▶ [Problem statement] Pictures in the records below must be left out. Return exactly the lines from the line with "Your Party. | |" to the line with "宁银理财宁欣固定收益类1个月定期开放式理财14号_净值披露.pdf", both included.

▶ [Records for the task]
══════════════════════════════

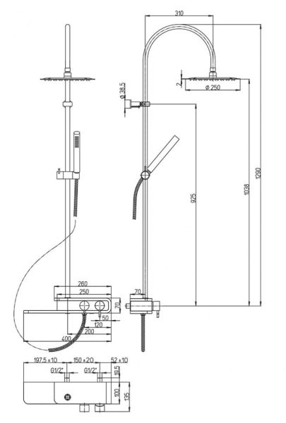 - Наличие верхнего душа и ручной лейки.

══════════════════════════════

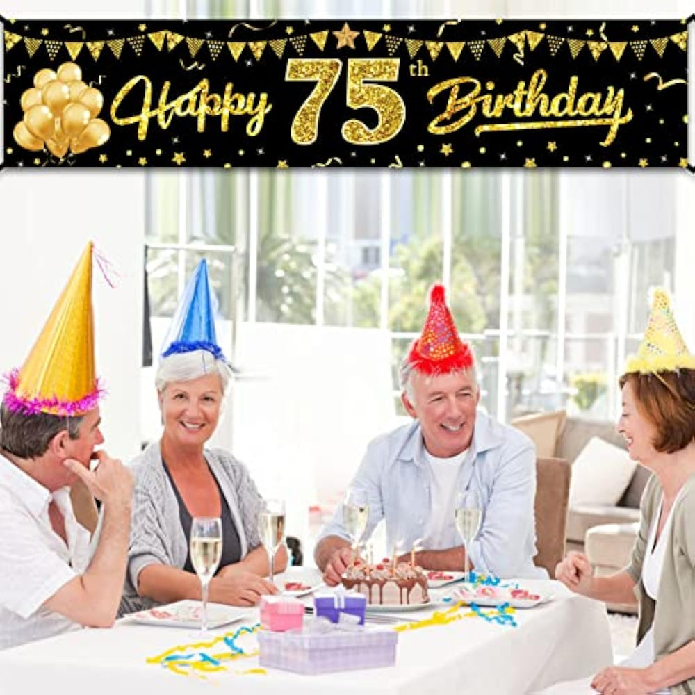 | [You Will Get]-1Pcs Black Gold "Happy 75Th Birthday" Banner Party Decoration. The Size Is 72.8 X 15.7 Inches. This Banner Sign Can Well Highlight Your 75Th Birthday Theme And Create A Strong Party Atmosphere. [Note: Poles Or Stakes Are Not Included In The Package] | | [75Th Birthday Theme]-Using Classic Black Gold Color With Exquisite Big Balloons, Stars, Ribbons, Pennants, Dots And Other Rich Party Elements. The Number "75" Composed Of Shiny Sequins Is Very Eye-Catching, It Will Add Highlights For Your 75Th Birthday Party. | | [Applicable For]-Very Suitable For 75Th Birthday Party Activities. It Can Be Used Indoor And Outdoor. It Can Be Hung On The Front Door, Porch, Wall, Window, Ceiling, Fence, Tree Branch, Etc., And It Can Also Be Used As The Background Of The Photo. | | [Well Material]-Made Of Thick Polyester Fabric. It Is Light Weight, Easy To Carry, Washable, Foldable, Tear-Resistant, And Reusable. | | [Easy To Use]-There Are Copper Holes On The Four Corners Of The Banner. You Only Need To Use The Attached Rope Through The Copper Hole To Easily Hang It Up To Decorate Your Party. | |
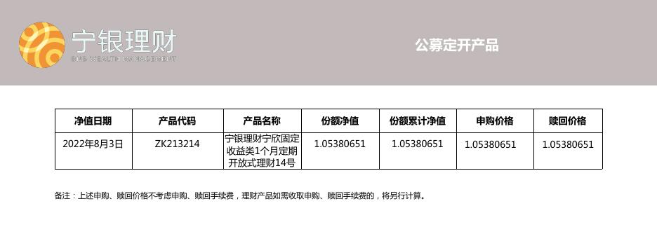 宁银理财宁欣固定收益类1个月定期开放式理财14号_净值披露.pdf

══════════════════════════════

▶ [Answer section]
 | [You Will Get]-1Pcs Black Gold "Happy 75Th Birthday" Banner Party Decoration. The Size Is 72.8 X 15.7 Inches. This Banner Sign Can Well Highlight Your 75Th Birthday Theme And Create A Strong Party Atmosphere. [Note: Poles Or Stakes Are Not Included In The Package] | | [75Th Birthday Theme]-Using Classic Black Gold Color With Exquisite Big Balloons, Stars, Ribbons, Pennants, Dots And Other Rich Party Elements. The Number "75" Composed Of Shiny Sequins Is Very Eye-Catching, It Will Add Highlights For Your 75Th Birthday Party. | | [Applicable For]-Very Suitable For 75Th Birthday Party Activities. It Can Be Used Indoor And Outdoor. It Can Be Hung On The Front Door, Porch, Wall, Window, Ceiling, Fence, Tree Branch, Etc., And It Can Also Be Used As The Background Of The Photo. | | [Well Material]-Made Of Thick Polyester Fabric. It Is Light Weight, Easy To Carry, Washable, Foldable, Tear-Resistant, And Reusable. | | [Easy To Use]-There Are Copper Holes On The Four Corners Of The Banner. You Only Need To Use The Attached Rope Through The Copper Hole To Easily Hang It Up To Decorate Your Party. | |
 宁银理财宁欣固定收益类1个月定期开放式理财14号_净值披露.pdf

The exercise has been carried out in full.